Analyze the learning process of the child. What is the role played by the mother? Observe similar occasions and describe them. Does anything change if the child has a disability?

  1. Observe preschool aged children playing at their home compound. Many of the games children play lead to exploration. Observe children playing on their own and identity situations leading to exploration.

“Father has made his preschool child a cart. The child was very happy and pulled it along to the neighboring house. On the way one wheel fell off and the child tried to fix it. Every time he kept it in position and pulled, the wheel came off again. The child started to cry and he hit the cart with a stick.”

Analyze this situation as a learning situation for the child. As an adult how would you mediate the situation to make it a good learning situation?
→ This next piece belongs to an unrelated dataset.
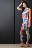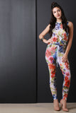 Floral Print Semi-Sheer Mesh Sleeveless Jumpsuit
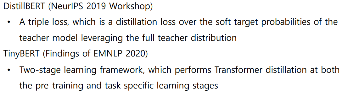 • TinyBERT: Distilling BERT for Natural Language Understanding, Findings of EMNLP’20 https://arxiv.org/abs/1909.10351

  1. Imitating situations, people, and animals is a good learning process for young children. How would you suggest encouraging parents to promote children’s learning at home?
  2. Running, jumping, creeping, and crawling are some exercises for gross muscle development. Visit 5 preschools in the area and do a study in;
  • Availability of resources for above movement activities, and places where the available resources are not properly used.
  • Plan suitable equipment for needy places and give details along with a map showing where to install it.
  1. Identify a preschool. Walk for 3, 5 and 10 minutes in each of the four directions from the preschool and make a list and a map of appropriate learning places for observation, collection, experimentation, and exploration for preschool children. .
  2. Study and develop programmes for five preschools along with participatory patterns and time allocations. Compare them and state whether the teacher could justify the subject selection and the time allocation. Find out what influences the teachers in deciding.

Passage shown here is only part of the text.